Shan et al. (2019) includes a comparison between masses measured via Spitzer parallax and posteriors from Bayesian inference using a Galactic model. Their comparison shows measured masses varying from inferred expectations in a manner consistent with being drawn from the Galactic model distribution. Although some events, in isolation, appear to disagree with Galactic model inferences (e.g., OGLE-2016-BLG-1195, with Spitzer measurement in Shvartzvald et al., 2017 and Bayesian inference in Bond et al., 2017), as a whole, the number of unusual events reflects reasonable expectations for random sampling. They also conclude that the observed abundances of single and binary lenses have different distance distributions; there are more intermediate-distance BL events than single-lens events.^*₅

^*₅ This is not unsurprising, given the larger high-magnification area, with respect to $\theta_{\rm E}$, in BL events.

The microlensing data obtained by Spitzer have also been subject to much scrutiny. This is due to apparent systematics (sometimes of a scale near that seen by the microlensing events itself) combined with limited baseline observations (due to the scarcity of telescope time dedicated to this project and its procedural design for follow-up, supporting observations; Yee et al., 2015) on timescales similar to the observed systematic perturbations. These factors have led to concerns regarding the interpretation of Spitzer microlensing data.

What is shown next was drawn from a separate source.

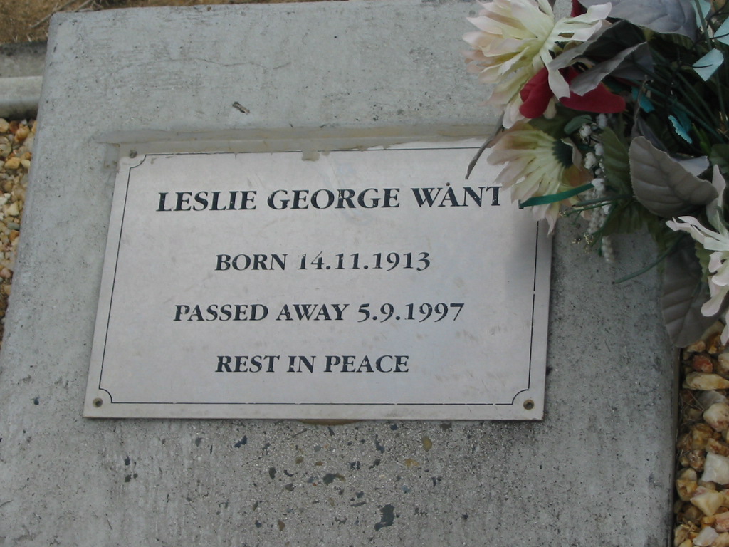 Leslie George WANT born 14 Nov 1913 died 5 Sept 1997;
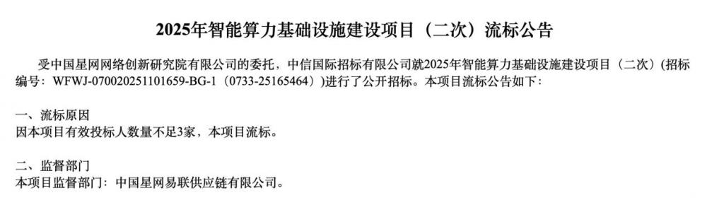 时隔一个多月,2026年1月21日,中国星网发布2025年智能算力基础设施建设项目(二次)流标公告,原因是“本项目有效投标人数量不足3家”。

The Spitzer data have systematically resulted in mass measurements that are lower than the mass inferred by the $\theta_{\rm E}$-$M_{\rm L}$, relation of Kim et al. (2021). The Kim et al. (2021) relation is valid for Bayesian mass estimates with $\mu_{\rm rel}<10,{\rm mas,yr}^{-1}$ (see their Figure 7) and implies that a ball-park estimate of $M_{\rm L}$ can be made from $\theta_{\rm E}$ alone, for events with $\mu_{\rm rel} < 10 ,{\rm mas,yr}^{-1}$. Because mass is proportional to distance, for a given $\theta_{\rm E}$ (as is the basis of the mass-distance degeneracy), this tendency for mass ``underestimation,'' from satellite-parallax measurements, observed in Kim et al. (2021), is remarkably similar in nature to the lens-distance underestimations of Penny et al. (2016) (See the notebook on Planets and Brown Dwarfs). It is worth noting that only one of the Galactic-model independent distance determinations in Penny et al. (2016) was the result of a Spitzer parallax measurement. The majority of the Galactic model independent distance determinations utilised ground-based parallax in order to break the mass-distance degeneracy. Another possibility is that Galactic-model inference does not perfectly represent the lens population being observed, due to unaccounted-for selection effects in standard Bayesian analysis. Or, more generally, it is the parallax measurement (with or without Spitzer data) that are in disagreement with Bayesian inference expectations.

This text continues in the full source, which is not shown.